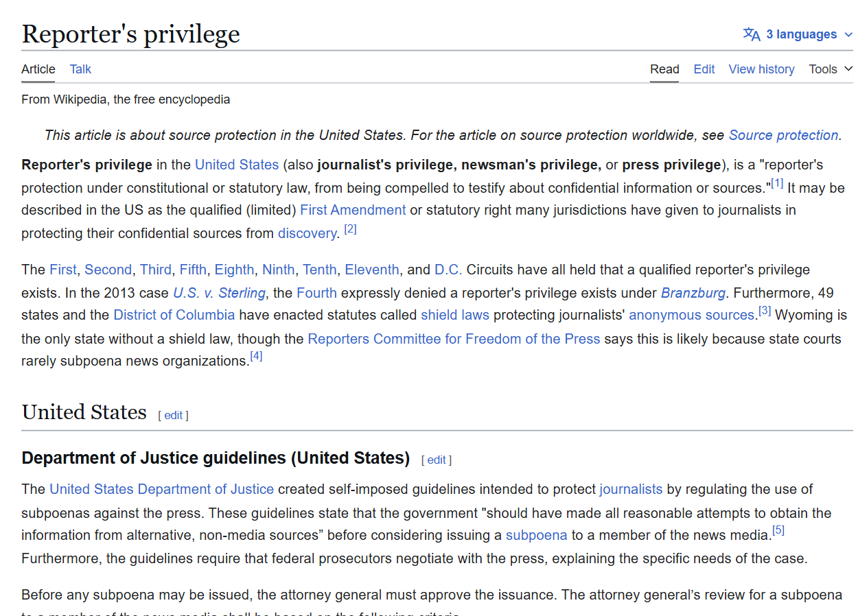 Stepping away from direct subsidies for a moment, courts and the administrative state in the US have effectively created "reporter's privilege" not to have to reveal sources to official reporters. Non-reporters do not get this.
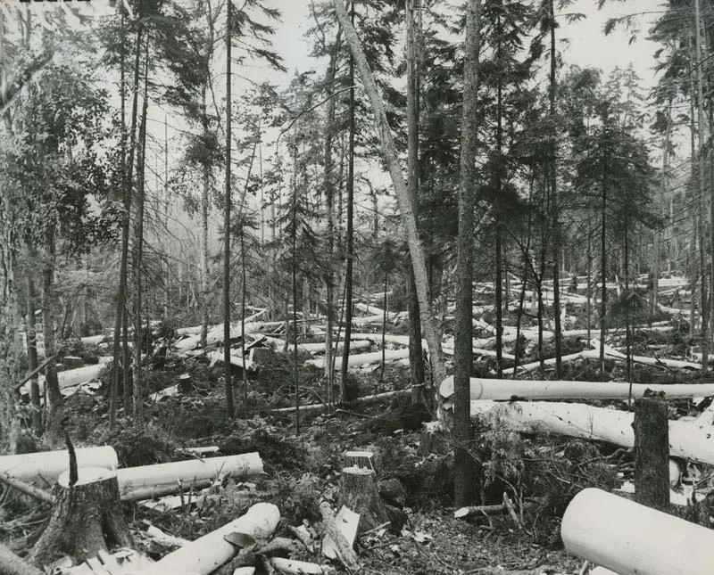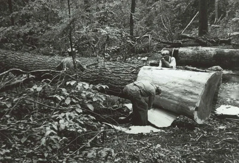 Hemlocks were abundant on slopes and along mountain brooks across the Catskills. Bark-peeling crews felled these trees to strip their bark, or girdled them standing, usually leaving the wood to rot. This went on for decades, denuding stand after stand of hemlock and causing fundamental changes to the ecosystem. The extraction led to erosion, warming streams, and most notably, the replacement of Eastern hemlocks in many places with fast-growing hardwood trees. By the end of the 19th century, the industry was coming to a halt as resources dwindled drastically. This was a regional near-obliteration of a species.
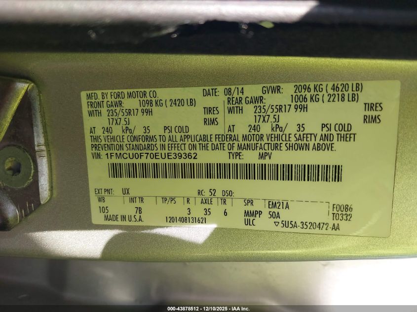 2014 FORD ESCAPE 2014 року Бензин, 2.5, Передний привод, vin - 1FMCU0F70EUE39362 из США
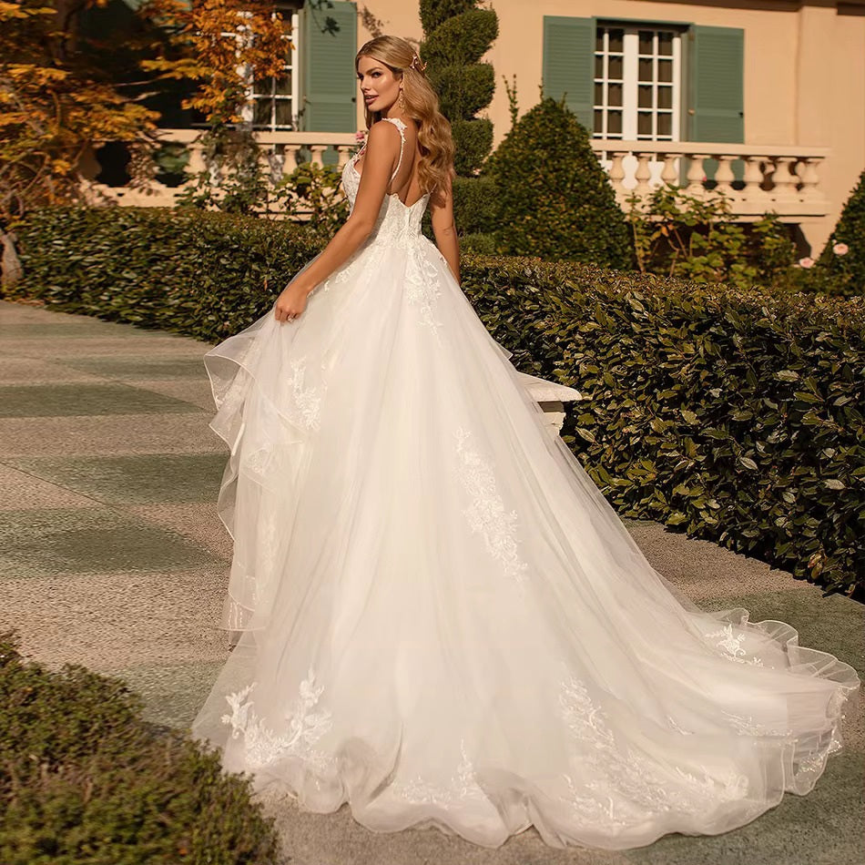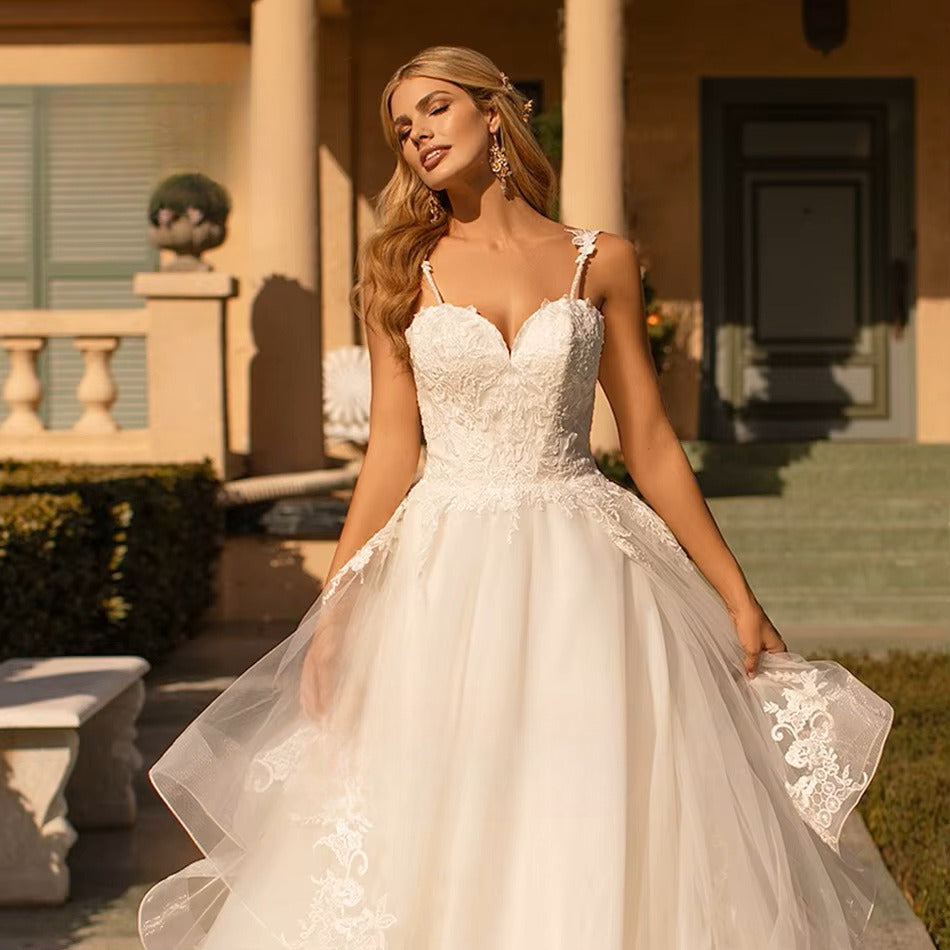 Une robe de mariée à l'allure princière, confectionnée de tulle délicat et d'organza embellie d'appliques en dentelle et déclinée dans deux nuances au choix que vous pourrez porter selon votre teint, de ton ivoire (telle que les photographie de présentation) ou en ton blanc.
--- --- ---
▶ PROBLEM DESCRIPTION: Please output the material above again, exactly, and omit every image.

▶ FINISHED TASK:
 Stepping away from direct subsidies for a moment, courts and the administrative state in the US have effectively created "reporter's privilege" not to have to reveal sources to official reporters. Non-reporters do not get this.
 Hemlocks were abundant on slopes and along mountain brooks across the Catskills. Bark-peeling crews felled these trees to strip their bark, or girdled them standing, usually leaving the wood to rot. This went on for decades, denuding stand after stand of hemlock and causing fundamental changes to the ecosystem. The extraction led to erosion, warming streams, and most notably, the replacement of Eastern hemlocks in many places with fast-growing hardwood trees. By the end of the 19th century, the industry was coming to a halt as resources dwindled drastically. This was a regional near-obliteration of a species.
 2014 FORD ESCAPE 2014 року Бензин, 2.5, Передний привод, vin - 1FMCU0F70EUE39362 из США
 Une robe de mariée à l'allure princière, confectionnée de tulle délicat et d'organza embellie d'appliques en dentelle et déclinée dans deux nuances au choix que vous pourrez porter selon votre teint, de ton ivoire (telle que les photographie de présentation) ou en ton blanc.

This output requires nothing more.